The recent energy and environmental crisis has become one of the biggest concerns in society. Our sustainable future requires to replace fossil fuels with clean technologies and renewable sources to accelerate the green transition. Clean energy conversion devices, such as electrolyzers and fuel cells, address this problem by converting renewable electricity into chemicals and fuels and vice versa through electrocatalytic reactions. In this thesis, I have focused on two model electrocatalytic reactions: The electrochemical reduction reaction of CO2 (CO2RR) to hydrocarbons and oxygenates, and the formic acid oxidation reaction (FAOR) for its implementation in direct formic acid fuel cells. Preparation of nanocatalysts with tunable structure and composition is essential to optimize the activity, stability, and selectivity for these key energy conversion reactions. One studied strategy to enhance the performance of these reactions is the preparation of new bi-/multi-metallic nanocatalysts. When combining two or more metals, the adsorption energies of the intermediate species change, modifying the reaction pathways to enhance the electrocatalytic performance.

This thesis investigates the electrodeposition of bimetallic and multimetallic nanostructures using a choline chloride: urea deep eutectic solvent (DES). DES have emerged as an inexpensive, clean, and green alternative to prepare nanomaterials. Additionally, these non-aqueous solvents do not require the addition of surfactant agents as the DES components act as ligand agents and regulate the growth of the deposit. Using this method, I have tested the applicability of choline chloride plus urea DES through the preparation of CuAu nanostructures, followed by CuAg and PdAu nanocatalysts for the CO2RR and FAOR, respectively. I have tuned the size, morphology, and composition of the nanostructures by adjusting the applied potential, bath composition and coverage of the deposits. The characterization of the bimetallic nanostructures has been assessed electrochemically and with ex-situ microscopy and spectroscopy techniques including scanning electron microscopy (SEM), energy dispersive X-ray spectroscopy (EDS), and Xray photoelectron spectroscopy (XPS). To assess the intrinsic activity and selectivity under reaction conditions, it is important to estimate the electrochemically active surface area (ECSA) and roughness factor. For that purpose, I have used voltammetric metal underpotential deposition (UPD) to estimate the ECSA and roughness factor (R).

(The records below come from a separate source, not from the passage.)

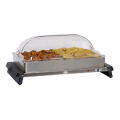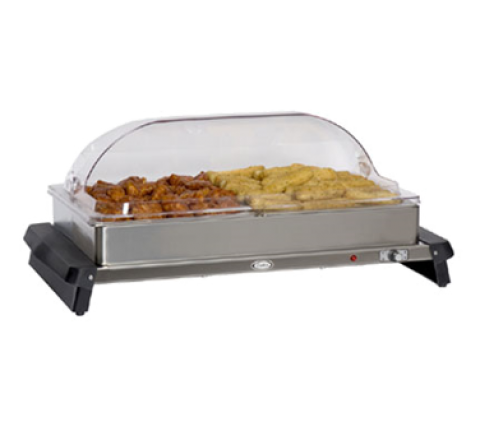 Double Buffet Server, countertop, 20-1/2" x 14" warming zone, holds (2) half size steam table pans (included), (1) clear Eastman Tritan™ copolyester rolltop lid with metal hinges, adjustable snap-action thermostat, 155°-205°F temperature range, safety signal light, cool-touch handles, includes (1) removable stainless pan holder, stainless steel construction, non-skid feet, 120v/60/1-ph, 2.5 amps, 300 watts, NEMA 5-15P, UL, Made in USA
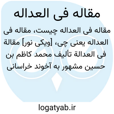 [ویکی نور] مقالة فی العدالة تألیف محمد کاظم بن حسین مشهور به آخوند خراسانی از فقهای بزرگ شیعه در آغاز قرن چهاردهم هجری قمری و از علمای بزرگ حوزه علمیه نجف اشرف. و متوفای سال 1329 هجری قمری.
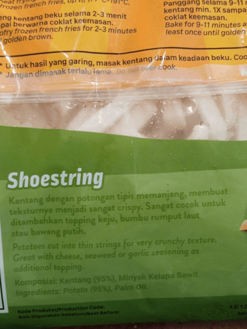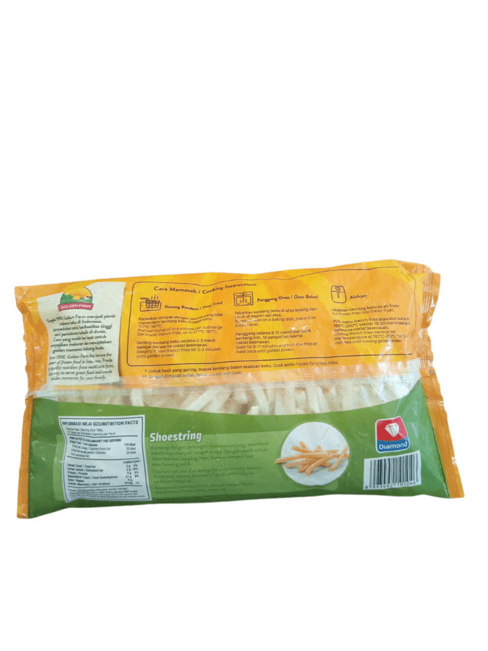 Nikmati kerenyahan sempurna dengan GOLDENFARM FF Shoestring 1kg, kentang goreng beku berkualitas premium yang praktis dan lezat! Potongan tipis (shoestring cut) menjadikan kentang ini cepat matang dan renyah saat digoreng. Cocok disajikan sebagai camilan, pelengkap burger, steak, atau menu andalan usaha kuliner Anda.
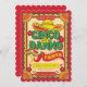 Cette invitation sur le thème du Cinco de Mayo est le moyen idéal de planter le décor pour votre fête d'anniversaire mexicaine ! En haut, un grand sombrero avec les mots Cinco de Danno Fiesta en dessous. La bordure festonnée rappelle les drapeaux de papel picado qui pendent dans les rues du Mexique. Personnalisez cette invitation avec tous les détails amusants de votre fête. Les couleurs incluent le rouge, le jaune, l'orange, le vert et le noir.
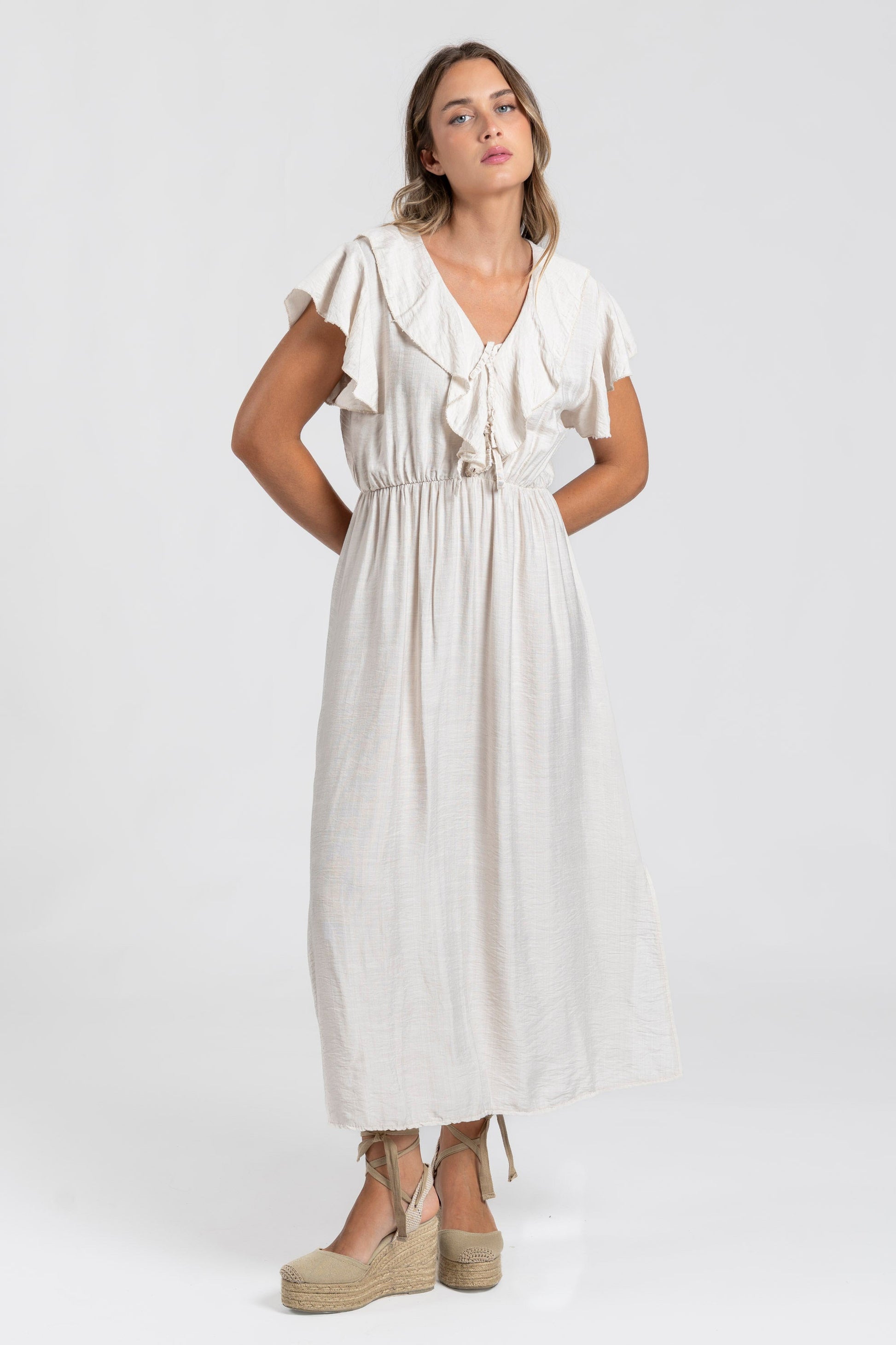Tejido fluido. Cuello pico. Manga corta. Diseño midi. Cintura elástica. Talla S. Altura modelo: 1.66 m
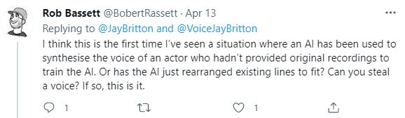 Mod 发布后,配音演员 Jay Britton 发推攻击这种“毫无灵魂”地用 AI 替代真人声优的行为:
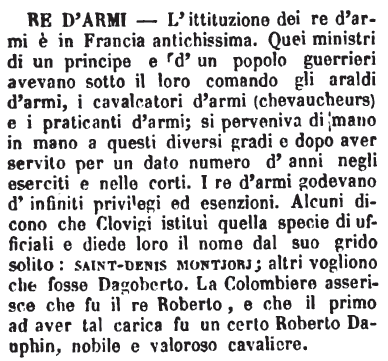 | Re d’armi - L'ittituzione dei re d'armi è in Francia antichissima. Quei ministri di un principe e d'un popolo guerrieri avevano sotto il loro comando gli araldi d'armi, i cavalcatori d'armi (chevaucheurs) e i praticanti d'armi; si perveniva di mano in mano a questi diversi gradi e dopo aver servito per un dato numero d'anni negli eserciti e nelle corti. I re d'armi godevano d'infiniti privilegi ed esezioni. Alcuni dicono che Clovigi istituì quella specie di ufficiali e diede loro il nome dal suo grido solito: saint-denis montjorj; altri vogliono che fosse Dagoberto. La Colombiere asserisce che fu il re Roberto, e che il primo ad aver tal carica fu un certo Roberto Dauphin, nobile e valoroso cavaliere. [immagine] |
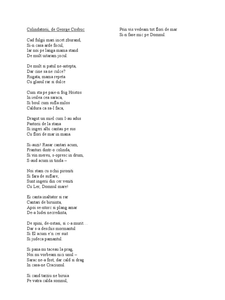 Colindatorii De George Cosbuc Anideșcoală Ro
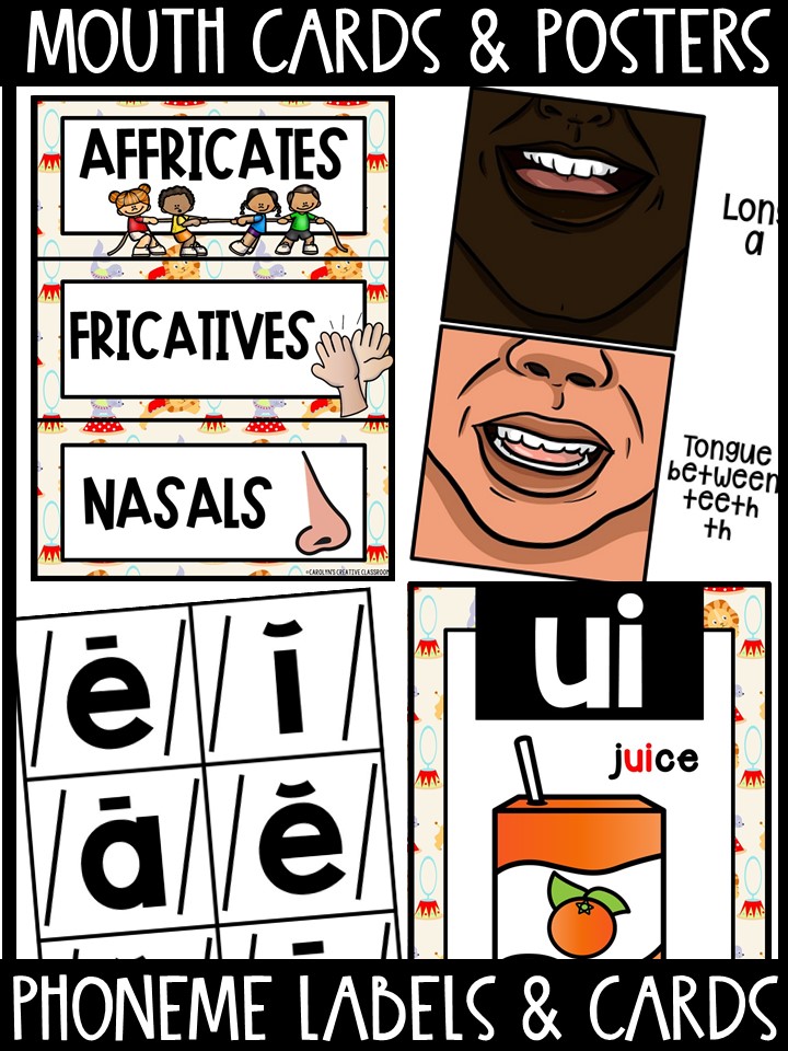 There are multiple ways to use these! Hang them on your sound wall, use them in a variety of centers or make them self correcting, or in a book (binded) to teach mouth positions during whole group or small groups!
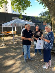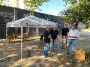 Wie angekündigt, war die Wülfrather Gruppe am 18.08.2025 nachmittags mit ihrem Wahlstand auf dem „roten Platz“.
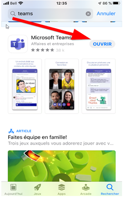 Dans la mesure où vous n’avez pas déjà Teams sur votre cellulaire aller le chercher sur l’App store ou sur Play store
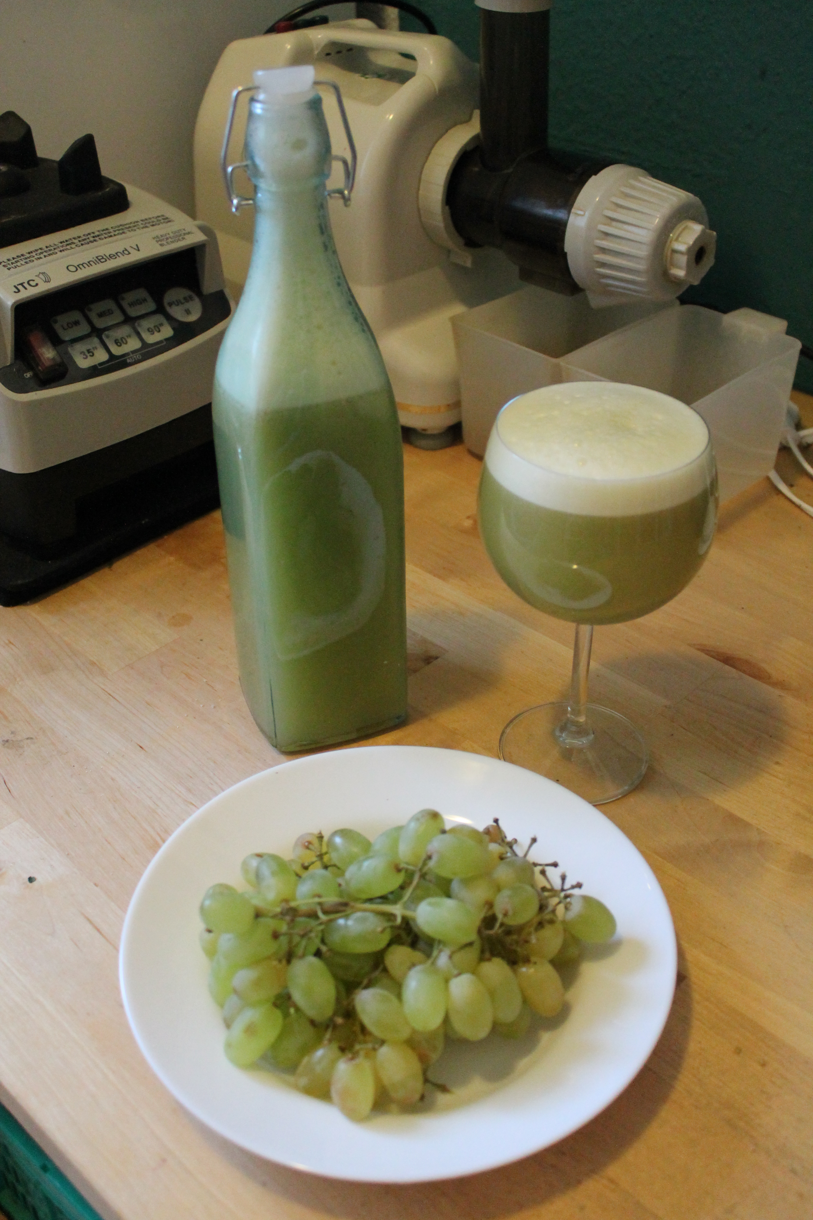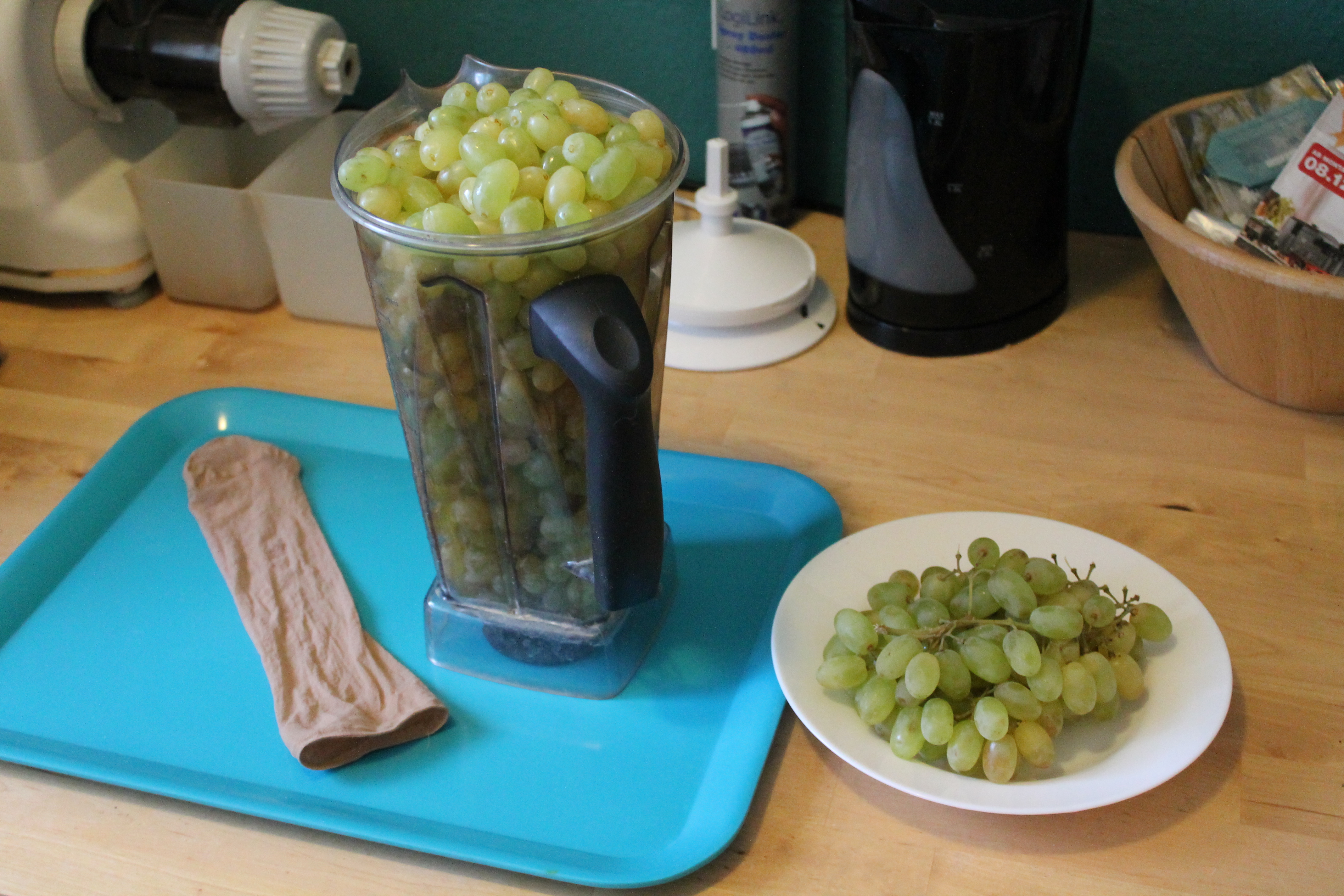 Diesmal haben wir 15 Kilo sehr süsse Sultaninen und entsaften uns jeden Tag für eine ode zwei Mahlzeiten am Tag frischen Sultaninensaft. Dafür wird der Mixer bis Oberkante voll mit Sultaninen gefüllt, etwas dest. Wasser dazu und einmal gut durchgemixt. Danach wie immer das Gemixe durch den Nylonstrumpf ziehen. FERTIG! So schnell geht das. Ein frisch gepresster Sultaninensaft in Null komma nix und eine kleine Portion Sultaninen zum knabbern noch dazu. Skoll und weg damit 😉

This thesis is divided into two main parts. The first part is dedicated to the preparation of Cu-based bimetallic catalysts for the CO2RR (chapters 3, 4, 5 and 6) and the importance of determining the ECSA of our catalysts to assess their performance. The CO2RR on Cubased catalysts requires high applied overpotentials and suffers from poor selectivity to valuable fuels and chemicals. I started preparing CuAu nanostructures for the CO2RR to CO aiming to evaluate the applicability of the DES to prepare a bimetallic catalyst. Subsequently, we have used the same DES to prepare and characterize bimetallic CuAg nanostructures with variable composition for the CO2RR. Combining copper with silver enhances the product selectivity of copper towards C2+ products and produce more valuable oxygenates products such as ethanol and propanol. Our work shows that the addition of silver mainly suppresses the competing H2 production while the distribution of the C2+ products changes towards oxygenates over ethylene. We have mainly evaluated the performance of polycrystalline disordered bimetallic catalysts. As the CO2RR is a highly structure sensitive reaction, at the end of this part, we also propose a simple electrochemical method to tailor the facet distribution of copper with chloride and measure the preferential orientation of nanostructured copper. This control of the copper surfaces structures can open the door to improve selectivity of copper catalysts for the CO2RR.

The second part of this thesis (Chapters 7 and 8) describes the preparation and characterization of new Pd and PdAu nanostructures from DES and their performance for the FAOR. On Pd-based electrocatalysts, the FAOR is typically hindered by the low catalyst stability. To improve the stability of Pd under reaction conditions while keeping its activity towards FAOR, we have investigated how different Pd-Au combinations affect the electrocatalytic response. Finally, some insights into other promising bimetallic and multimetallic nanostructures prepared by metal electrodeposition from DES for FAOR are included (i.e., PdPt, PdPtAu, PdPtAuAg) as preliminary results.